ASSIGNMENT — Reproduce the listing that follows character for character, excluding its pictures.

INFORMATION PROVIDED —
= = = =
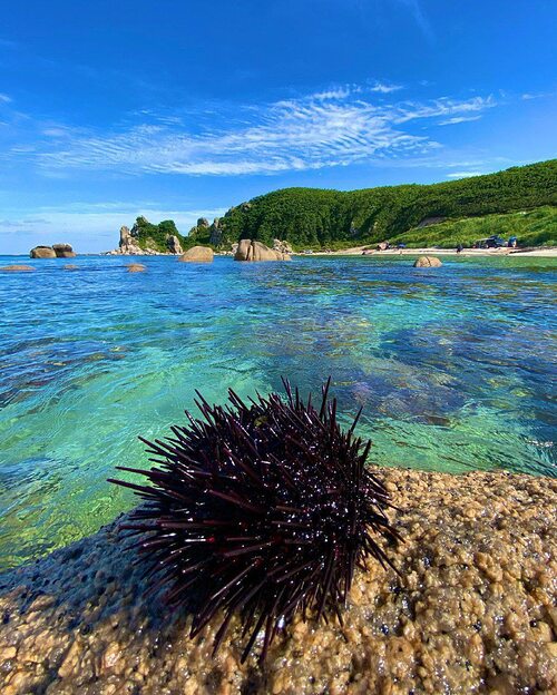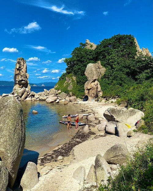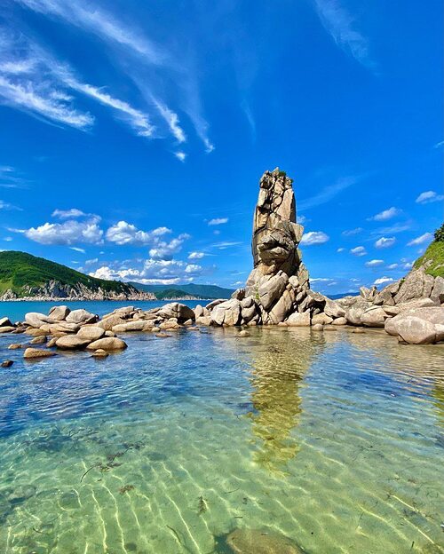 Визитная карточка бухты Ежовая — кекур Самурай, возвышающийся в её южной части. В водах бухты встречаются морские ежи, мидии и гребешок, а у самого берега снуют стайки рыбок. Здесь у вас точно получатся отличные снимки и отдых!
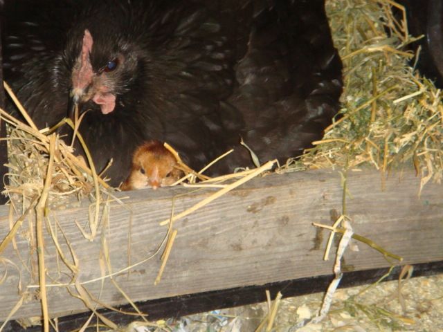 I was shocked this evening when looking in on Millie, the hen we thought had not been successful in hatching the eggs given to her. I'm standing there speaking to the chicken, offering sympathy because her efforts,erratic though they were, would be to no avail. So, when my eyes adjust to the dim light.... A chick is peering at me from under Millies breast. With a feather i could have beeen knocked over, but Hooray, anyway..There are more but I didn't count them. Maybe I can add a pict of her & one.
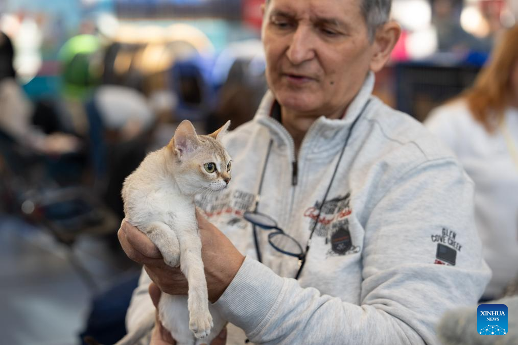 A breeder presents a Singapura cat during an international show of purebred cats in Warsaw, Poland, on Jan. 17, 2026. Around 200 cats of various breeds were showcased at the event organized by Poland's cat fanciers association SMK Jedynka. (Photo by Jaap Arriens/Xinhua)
= = = =
TASK OUTPUT —
 Визитная карточка бухты Ежовая — кекур Самурай, возвышающийся в её южной части. В водах бухты встречаются морские ежи, мидии и гребешок, а у самого берега снуют стайки рыбок. Здесь у вас точно получатся отличные снимки и отдых!
 I was shocked this evening when looking in on Millie, the hen we thought had not been successful in hatching the eggs given to her. I'm standing there speaking to the chicken, offering sympathy because her efforts,erratic though they were, would be to no avail. So, when my eyes adjust to the dim light.... A chick is peering at me from under Millies breast. With a feather i could have beeen knocked over, but Hooray, anyway..There are more but I didn't count them. Maybe I can add a pict of her & one.
 A breeder presents a Singapura cat during an international show of purebred cats in Warsaw, Poland, on Jan. 17, 2026. Around 200 cats of various breeds were showcased at the event organized by Poland's cat fanciers association SMK Jedynka. (Photo by Jaap Arriens/Xinhua)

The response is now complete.